• _Supplied entries_:
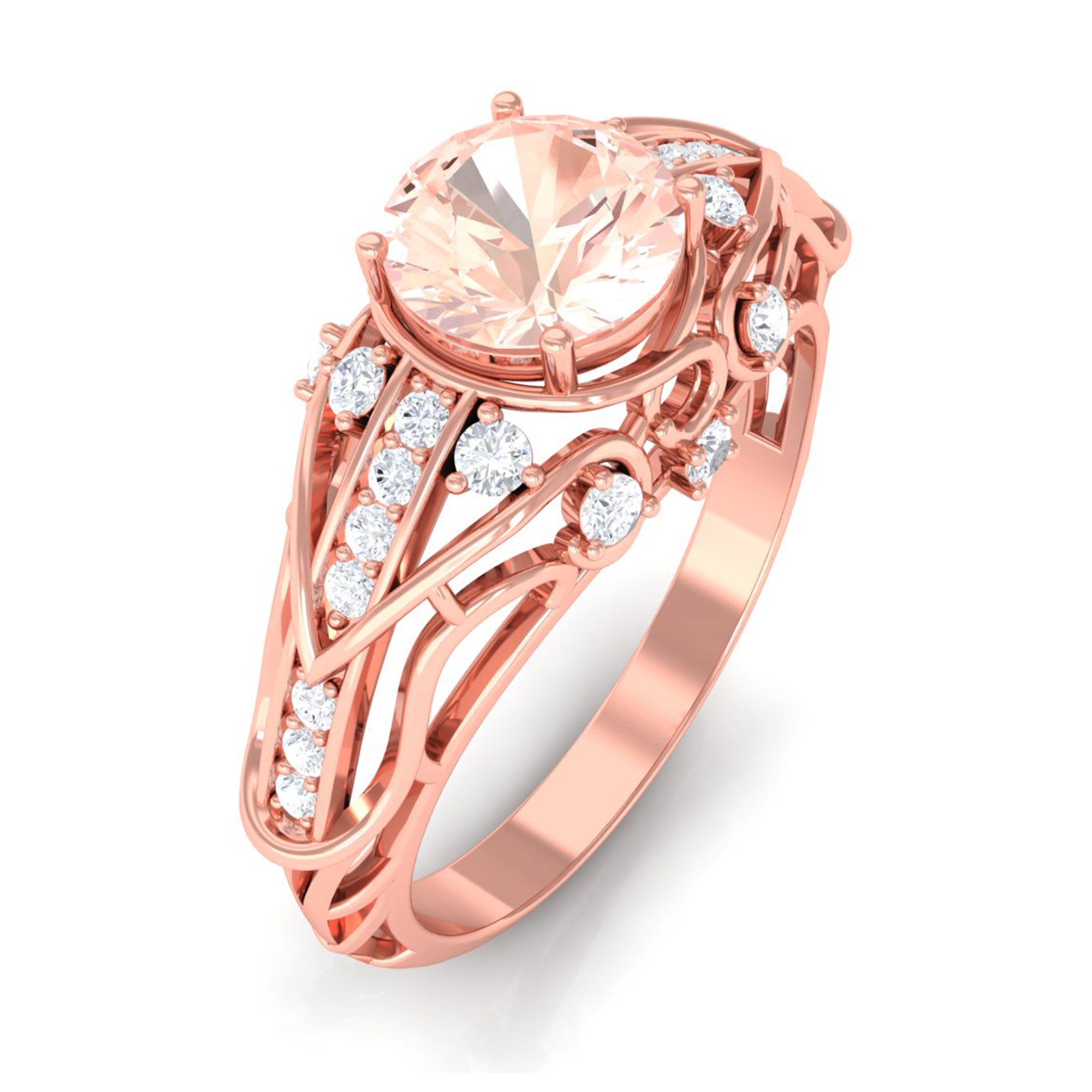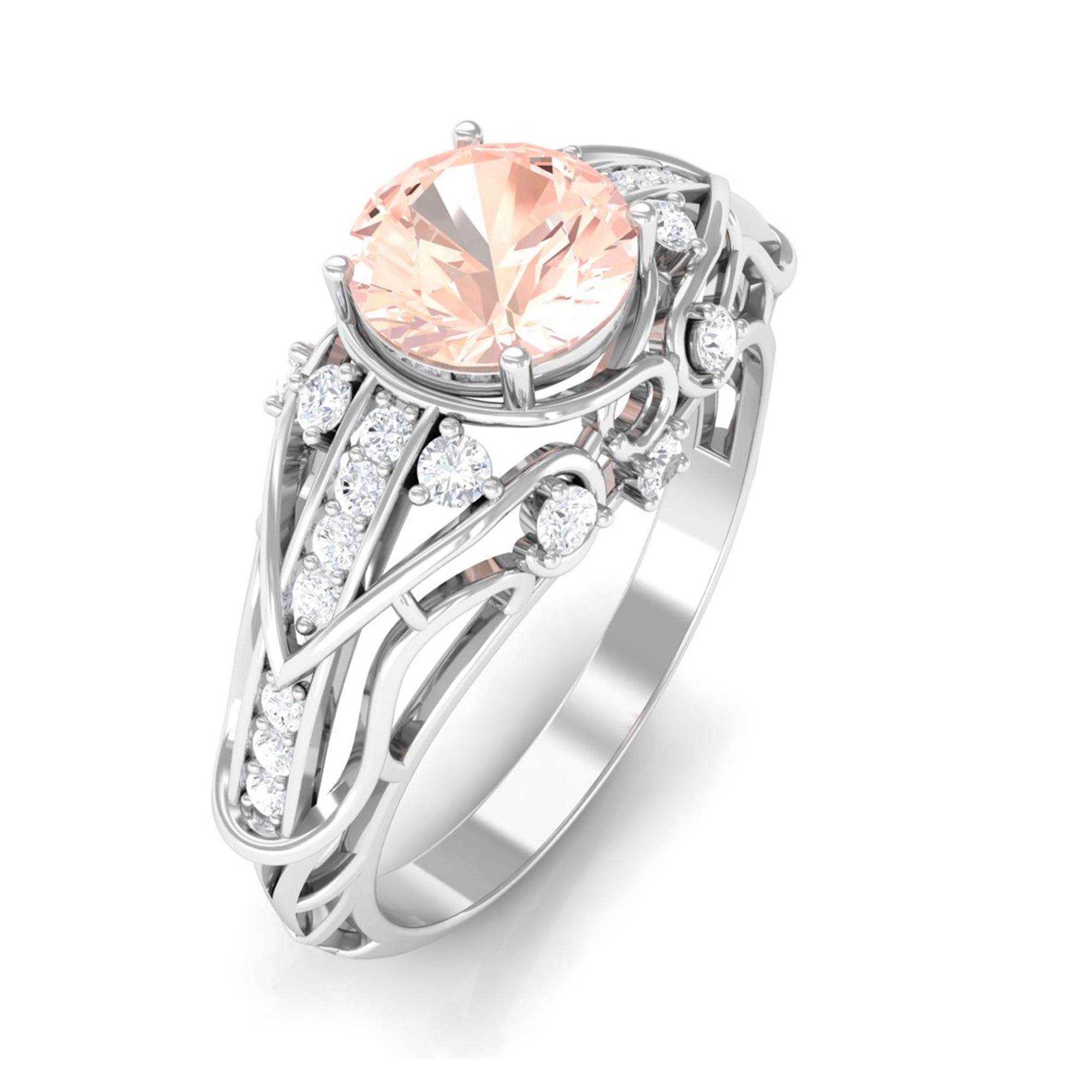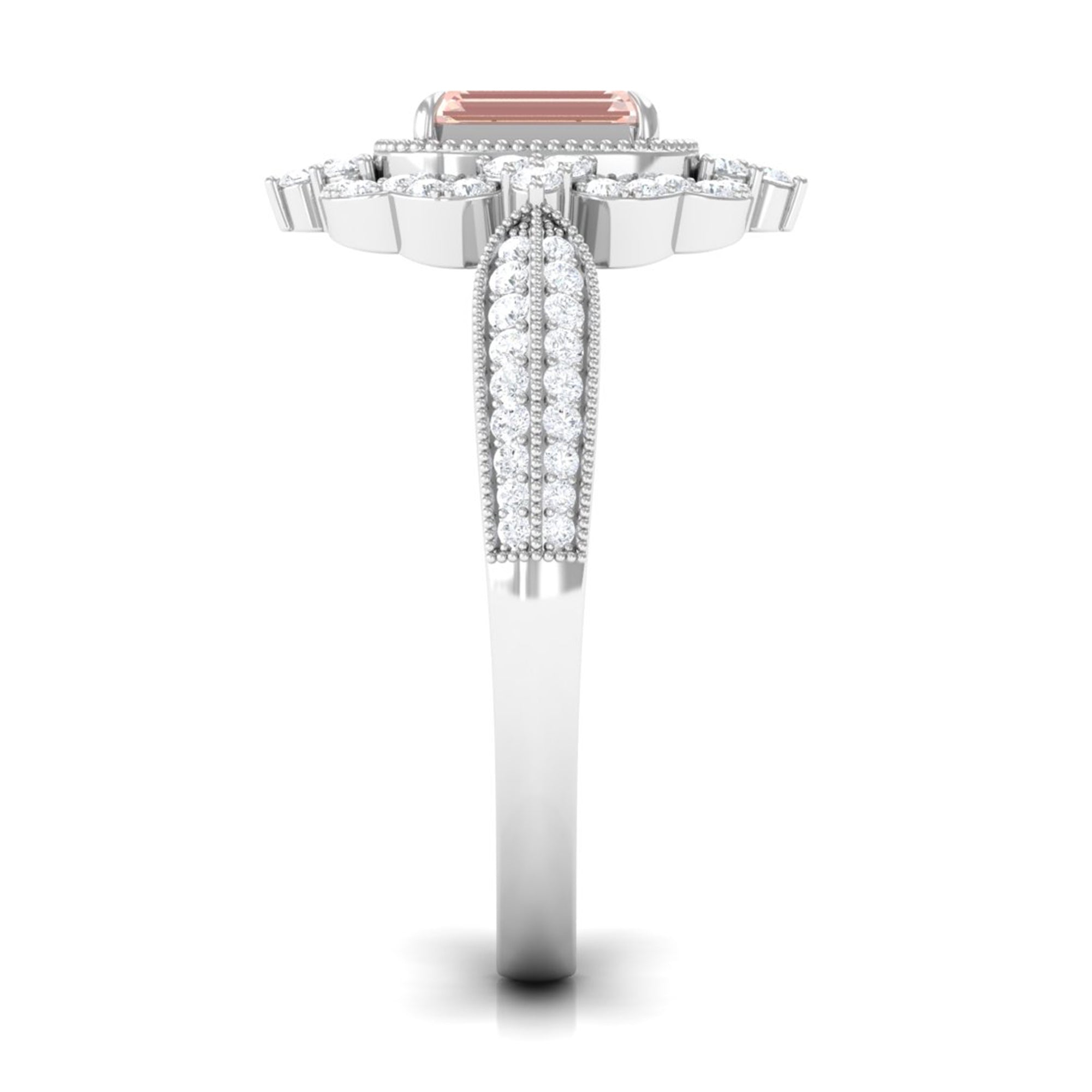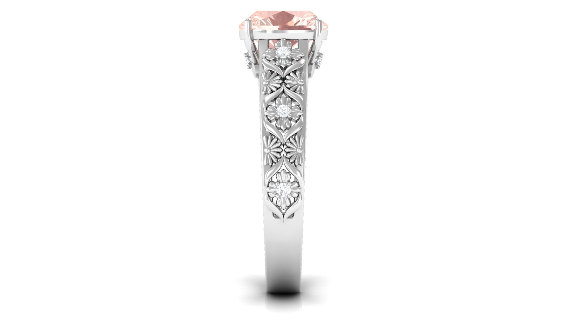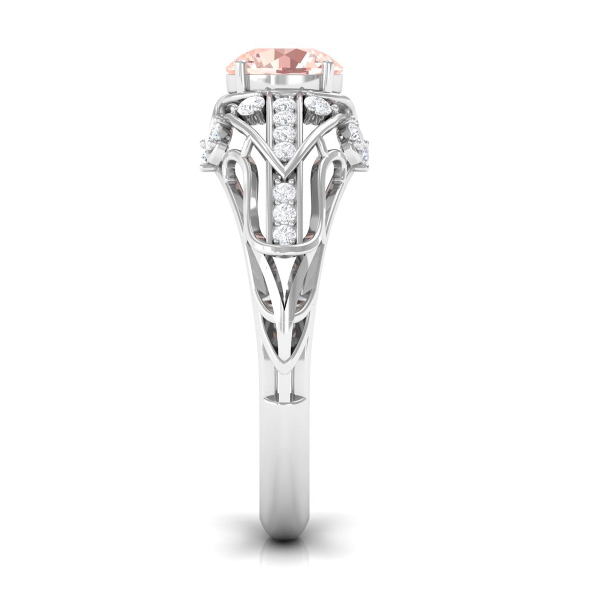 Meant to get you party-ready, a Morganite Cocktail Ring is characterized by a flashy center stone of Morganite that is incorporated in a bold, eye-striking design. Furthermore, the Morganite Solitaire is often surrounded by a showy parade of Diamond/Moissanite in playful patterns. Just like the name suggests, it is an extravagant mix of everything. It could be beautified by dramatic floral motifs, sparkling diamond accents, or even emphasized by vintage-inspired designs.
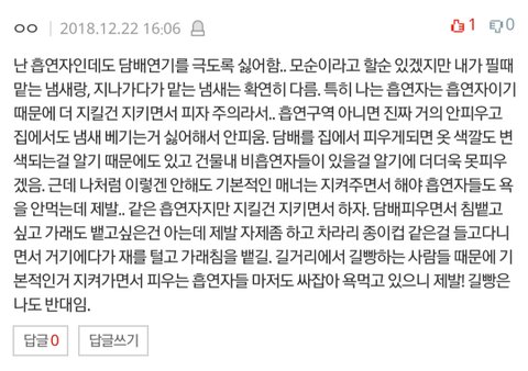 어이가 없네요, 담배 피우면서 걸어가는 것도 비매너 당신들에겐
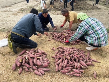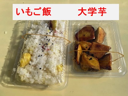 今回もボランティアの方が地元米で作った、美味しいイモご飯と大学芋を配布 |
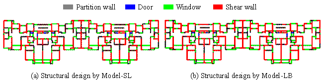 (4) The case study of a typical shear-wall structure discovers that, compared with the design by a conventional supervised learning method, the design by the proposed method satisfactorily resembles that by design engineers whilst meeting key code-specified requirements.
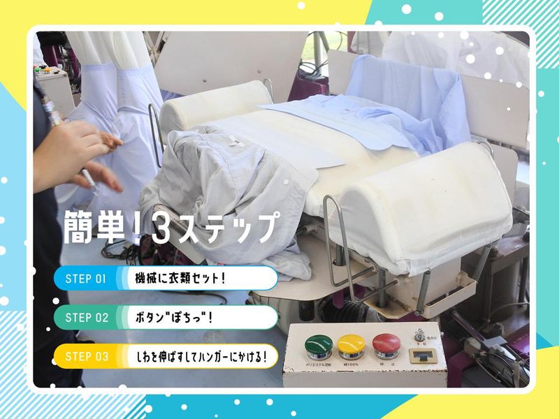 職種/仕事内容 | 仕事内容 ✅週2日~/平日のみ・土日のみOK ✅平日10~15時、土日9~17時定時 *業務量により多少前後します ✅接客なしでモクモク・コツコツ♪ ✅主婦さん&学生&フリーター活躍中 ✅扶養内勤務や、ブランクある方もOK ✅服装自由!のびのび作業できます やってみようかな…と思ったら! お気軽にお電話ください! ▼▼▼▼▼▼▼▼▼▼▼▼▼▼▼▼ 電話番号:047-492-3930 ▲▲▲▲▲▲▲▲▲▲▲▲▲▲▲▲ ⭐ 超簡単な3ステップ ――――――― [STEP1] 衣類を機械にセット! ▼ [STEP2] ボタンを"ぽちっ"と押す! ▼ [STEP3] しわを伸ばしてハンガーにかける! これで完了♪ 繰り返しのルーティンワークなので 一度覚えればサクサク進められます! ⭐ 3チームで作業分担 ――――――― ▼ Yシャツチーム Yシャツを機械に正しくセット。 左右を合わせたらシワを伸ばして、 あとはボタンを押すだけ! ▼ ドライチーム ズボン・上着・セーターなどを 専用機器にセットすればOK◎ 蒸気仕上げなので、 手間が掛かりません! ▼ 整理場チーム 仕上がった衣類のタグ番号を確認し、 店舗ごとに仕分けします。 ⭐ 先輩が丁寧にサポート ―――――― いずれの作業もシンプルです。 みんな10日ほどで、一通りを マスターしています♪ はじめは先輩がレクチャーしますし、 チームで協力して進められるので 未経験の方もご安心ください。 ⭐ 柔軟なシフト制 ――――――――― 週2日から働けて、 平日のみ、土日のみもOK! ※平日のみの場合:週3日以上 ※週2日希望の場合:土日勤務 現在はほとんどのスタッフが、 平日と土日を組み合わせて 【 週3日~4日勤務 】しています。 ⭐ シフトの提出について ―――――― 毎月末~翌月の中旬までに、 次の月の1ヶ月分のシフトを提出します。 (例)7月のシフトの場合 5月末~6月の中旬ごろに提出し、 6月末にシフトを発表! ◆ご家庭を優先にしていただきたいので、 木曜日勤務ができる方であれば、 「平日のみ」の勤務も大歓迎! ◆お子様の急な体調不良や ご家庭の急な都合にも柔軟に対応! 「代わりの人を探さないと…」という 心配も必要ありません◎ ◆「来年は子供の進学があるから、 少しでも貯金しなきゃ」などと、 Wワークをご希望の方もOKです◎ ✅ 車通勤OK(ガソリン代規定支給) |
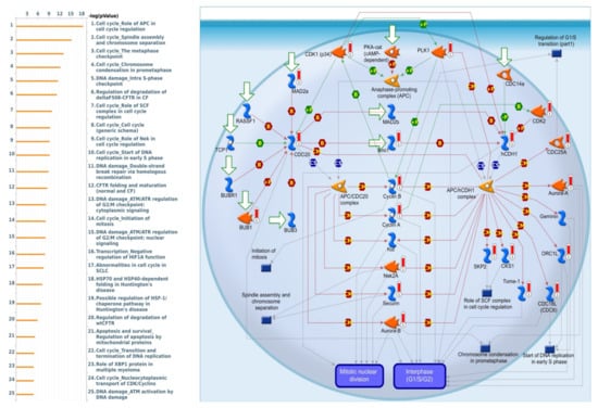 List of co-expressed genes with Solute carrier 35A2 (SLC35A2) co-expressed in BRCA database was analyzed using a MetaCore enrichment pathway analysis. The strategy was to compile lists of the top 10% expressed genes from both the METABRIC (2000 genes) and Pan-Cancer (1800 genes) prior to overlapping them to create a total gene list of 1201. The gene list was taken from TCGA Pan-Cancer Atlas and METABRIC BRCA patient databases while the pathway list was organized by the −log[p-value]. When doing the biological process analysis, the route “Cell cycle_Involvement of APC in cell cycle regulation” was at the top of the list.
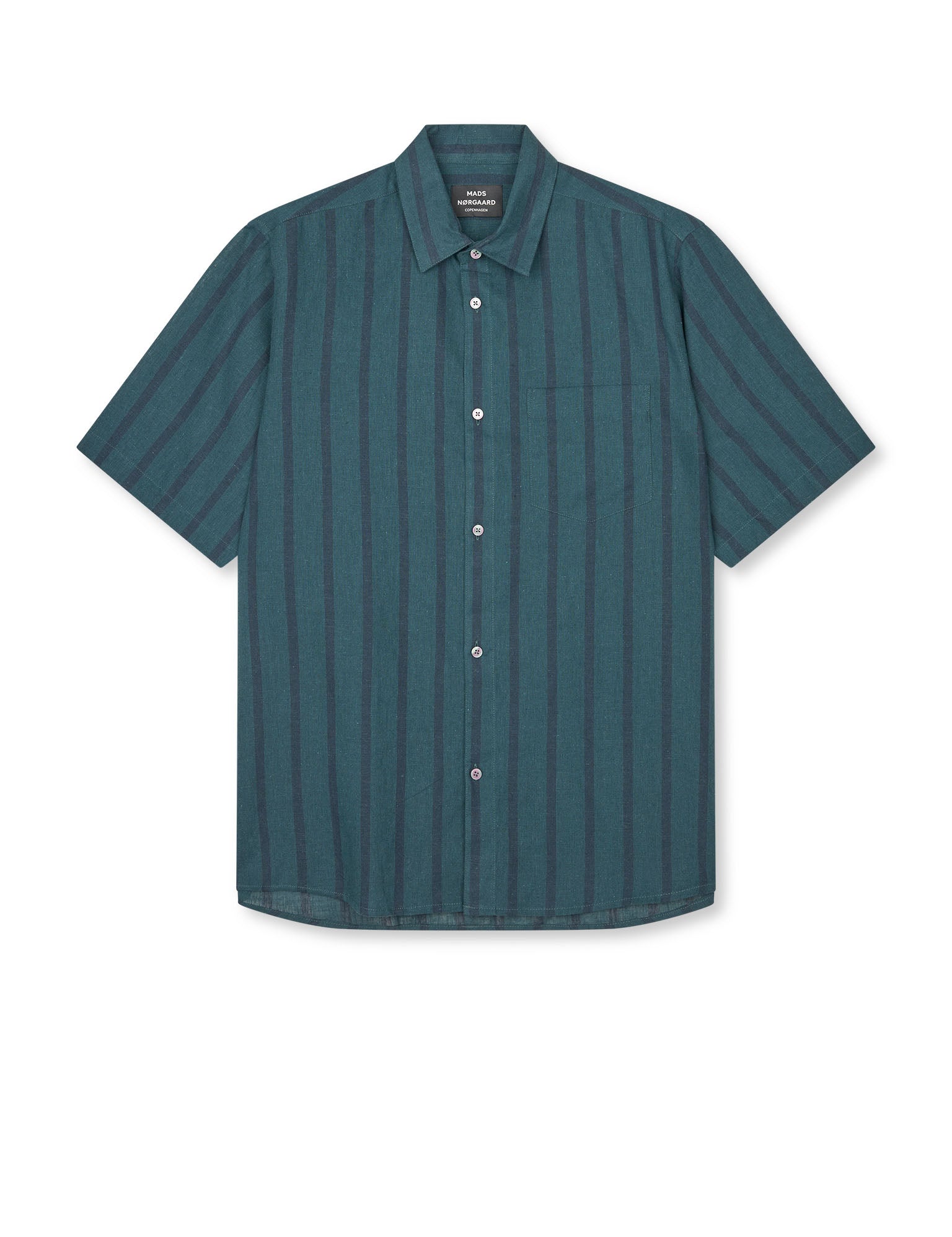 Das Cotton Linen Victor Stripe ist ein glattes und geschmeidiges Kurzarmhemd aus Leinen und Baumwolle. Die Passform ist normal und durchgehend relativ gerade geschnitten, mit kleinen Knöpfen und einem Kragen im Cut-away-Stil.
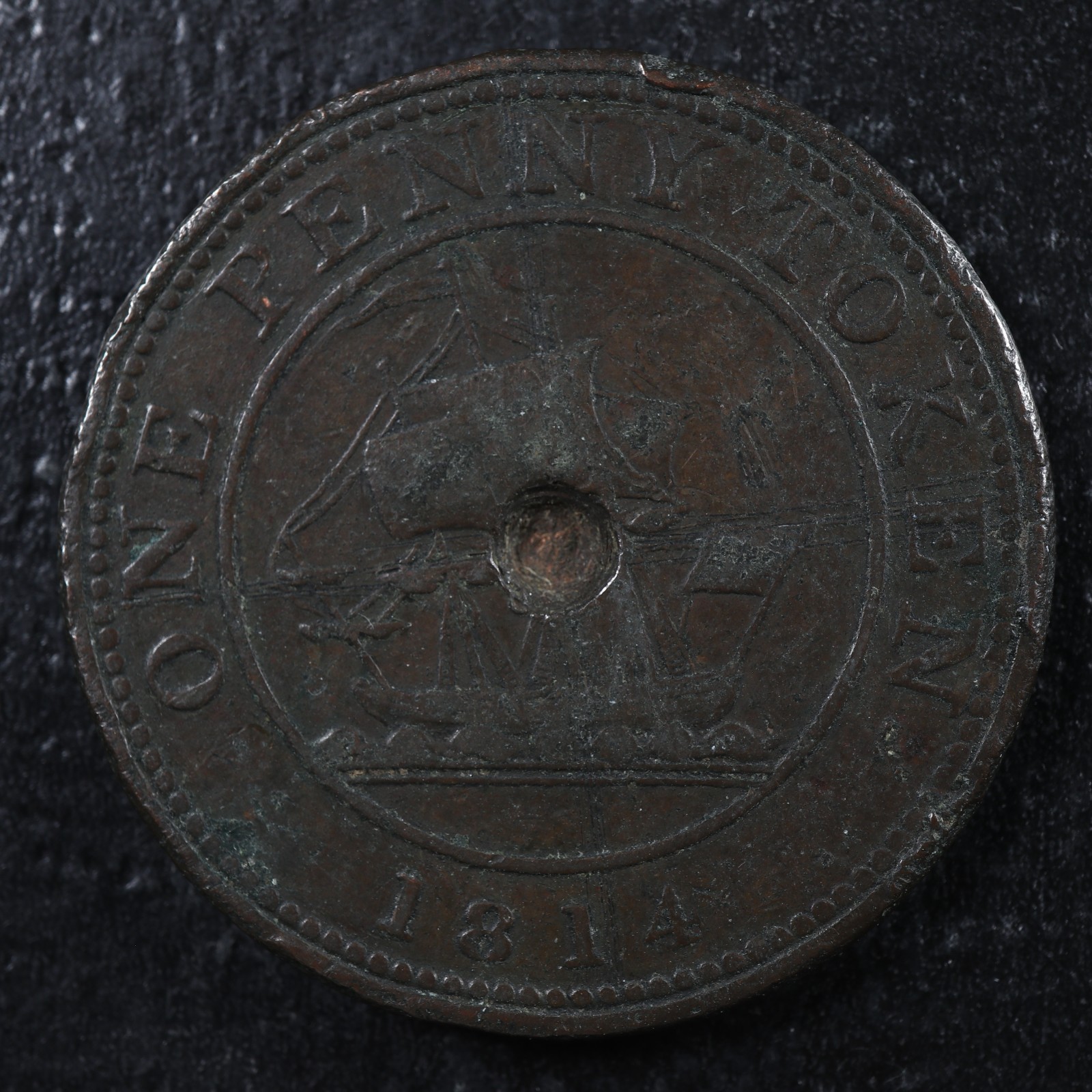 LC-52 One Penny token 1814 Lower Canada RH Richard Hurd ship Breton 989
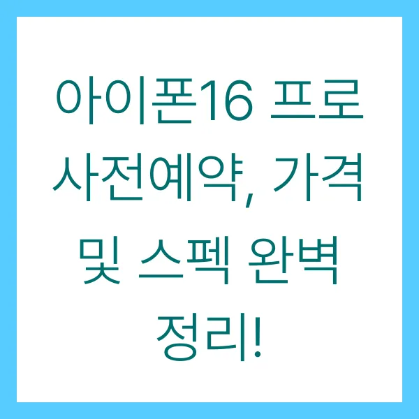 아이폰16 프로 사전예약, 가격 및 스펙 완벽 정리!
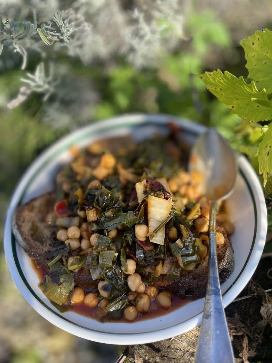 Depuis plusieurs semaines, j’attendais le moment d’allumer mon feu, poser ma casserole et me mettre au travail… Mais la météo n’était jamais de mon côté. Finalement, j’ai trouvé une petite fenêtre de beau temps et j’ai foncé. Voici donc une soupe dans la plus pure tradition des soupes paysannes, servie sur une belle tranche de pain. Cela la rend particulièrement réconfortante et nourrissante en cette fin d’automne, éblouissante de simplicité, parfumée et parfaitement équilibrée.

• _Your task_: Give exactly the lines above that run from the line with "LC-52 One Penny" to the line with "아이폰16 프로 사전예약, 가격 및 스펙 완벽 정리!", both included, leaving every picture out.

• _Task result_:
 LC-52 One Penny token 1814 Lower Canada RH Richard Hurd ship Breton 989
 아이폰16 프로 사전예약, 가격 및 스펙 완벽 정리!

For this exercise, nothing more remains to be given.